Some of the new findings supported that early view. The researchers found
that some of the test compounds were "agonists" of the receptor,
switching it on. And others were "antagonists," blocking its
action.
However, surprisingly, they discovered a new class of compounds that behaved
differently from either of the first two classes. The compounds functioned
as agonists in some cellular contexts, but as antagonists in others.
Discovery of this third class has broad clinical implications, said Donald
McDonnell, an associate professor of pharmacology in the Duke medical center.
The finding extends earlier work in his laboratory showing that the estrogen
receptor, a distinctly different kind of steroid receptor, also shows similar
mulitple modes of interaction with drugs or hormones.
"The discovery of such complexity in one receptor type is a phenomenon;
the discovery of two is a paradigm," said McDonnell. "It's likely
that these findings will extend to other receptors, such as the male androgen
receptor," he said.
According to McDonnell, the discovery of new ways to affect such receptors
could produce significant changes in the strategies by which pharmacologists
seek new drugs to modulate them.
"To target drugs to one body tissue, pharmacologists have traditionally
looked for subtypes of a receptor unique to that tissue," he said.
"They could then design compounds that would select one or another
subtype. But if there was only one kind of receptor, they were stuck.
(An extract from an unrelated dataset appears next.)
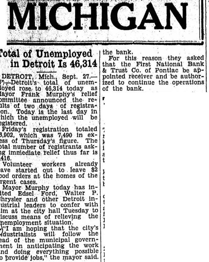 MICHIGAN Total of Unemployed in Detroit Is 46,314 Sept. total of unemployed rose to 46,314 today Mayor Frank Murphy's relief committee announced the results of two days of registration. Today is the last day in which the unemployed will be registered. Friday's registration totaled 26,902, which was excess of Thursday's figure. The total number of registrants asking immediate relief thus far is Volunteer workers already have started out leave $2 food orders at the homes of the urgent cases. Mayor Murphy today has inEdsel Ford, Walter Chrysler and other Detroit industrial leaders to confer with him at the city hall Tuesday discuss means relieving the Unemployment situation hoping that the city's dustrialists will follow the lead of the municipal government in anticipating the work and doing everything possible to provide jobs," the mayor said. the bank. For this reason they asked that the First National Bank Trust Co. of Pontiac be appointed receiver and be authorized to continue the operations of the bank.
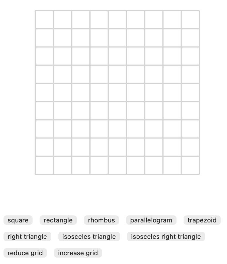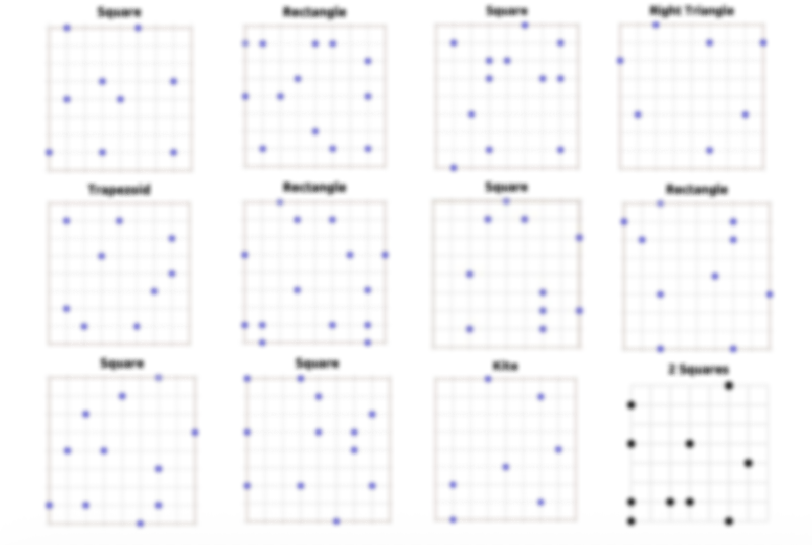 Each Zukei puzzle provides you with a grid featuring several dots and the name of a shape. The task is to connect some of the provided dots to form the specified shape. The dots must lie on the shape’s vertices.

"But now, our laboratory and others are showing that different compounds
acting through the same receptor can manifest different biologies in different
cells. We believe this extremely exciting realization will bring the next
wave in the understanding of hormone action and drug development."
McDonnell uses a geometric analogy to explain how a single kind of steroid
receptor found throughout the body can produce such different effects in
different tissues by assuming different conformations.
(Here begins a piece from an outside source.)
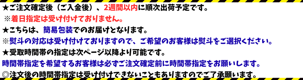 ★ご注文確定後(ご入金後)、2週間以内に順次出荷予定です。 ※着日指定は受け付けておりません。 ★こちらは、簡易包装でお届けいたします。 ※熨斗の対応は受け付けておりますので、ご希望のお客様はご注文時に熨斗をご選択ください。
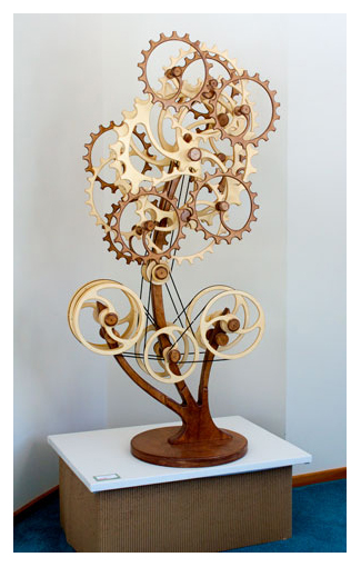 I was inspired by David C. Roy, a famous artist who specializes in making kinetic wood sculptures. All of David C. Roy’s sculptures do not use any electricity or motors and rely on springs and forces to move. I wanted the piece to move without any involvement so I tried to use electric motors and gears to power the sculpture. I also wanted to incorporate LED lights if possible. I used his designs as inspirations but not his style of using physics to power sculptures.

"Let's say a receptor needs to be in a 'square' conformation to produce
all the processes that it normally produces. If a ligand changes it into
a 'round' conformation, some of the processes don't care, and they'll continue
to operate. But others will not be triggered by a 'round' receptor, and
they'll shut off." For example, he said, the same estrogen receptor
influences a variety of processes throughout the body, including development
of the female reproductive system, muscle and bone.
"We believe that nature has managed to produce a wide array of effects
with a limited set of receptor molecules by altering the way the receptor
functions in different cells," McDonnell said. "So, a receptor
might interact with one set of factors in one cell, giving rise to one response.
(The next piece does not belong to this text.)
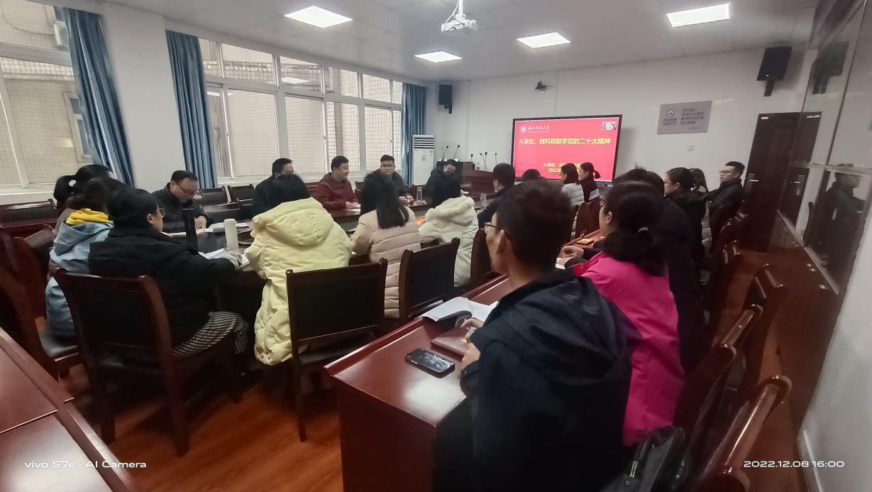 2022年12月8日下午,教科院教师党支部和机关第三党支部在教育大楼1317A会议室举行联学活动,专题学习了习近平总书记在中国共产党第二十次全国代表大会上所作报告中的部分内容。会议由教科院党总支书记徐明波主持,机关第三党支部和教科院教师党支部党员参加了会议。

And it might interact with another set in another cell, giving rise to a
whole different set of responses."
McDonnell said the discovery with the progesterone receptor could lead
to improved hormone replacement therapy for post-menopausal women.
Currently, women receiving estrogen replacement therapy also take progesterone
to reduce the likelihood of uterine cancer. The progesterones available
now, however, are not selective, manifesting negative side effects in other
tissues. According to McDonnell, discovery of the new class of progesterone
receptor ligands indicates that it may be possible to develop a progesterone-like
hormone that may be beneficial in the uterus but neutral elsewhere.
"The optimum would be a compound like a progesterone that would work
only in the uterus to oppose the proliferative action of estrogen,"
he said. "But until now, researchers have believed that it wasn't possible.
Now, however, this paper shows that we can do exactly the same with the
progesterone receptor as with the estrogen receptor -- produce drugs that
target only one tissue."
The new research also hints that a new progesterone-like compound of this
new class might be developed as an oral contraceptive that does not cause
the weight gain common with progesterone in oral contraceptives.
For males, the research indicates it may be possible to develop a testosterone-like
compound that can treat muscle-wasting diseases, but not cause hair loss,
acne and aggression that testosterone treatment produces, McDonnell said.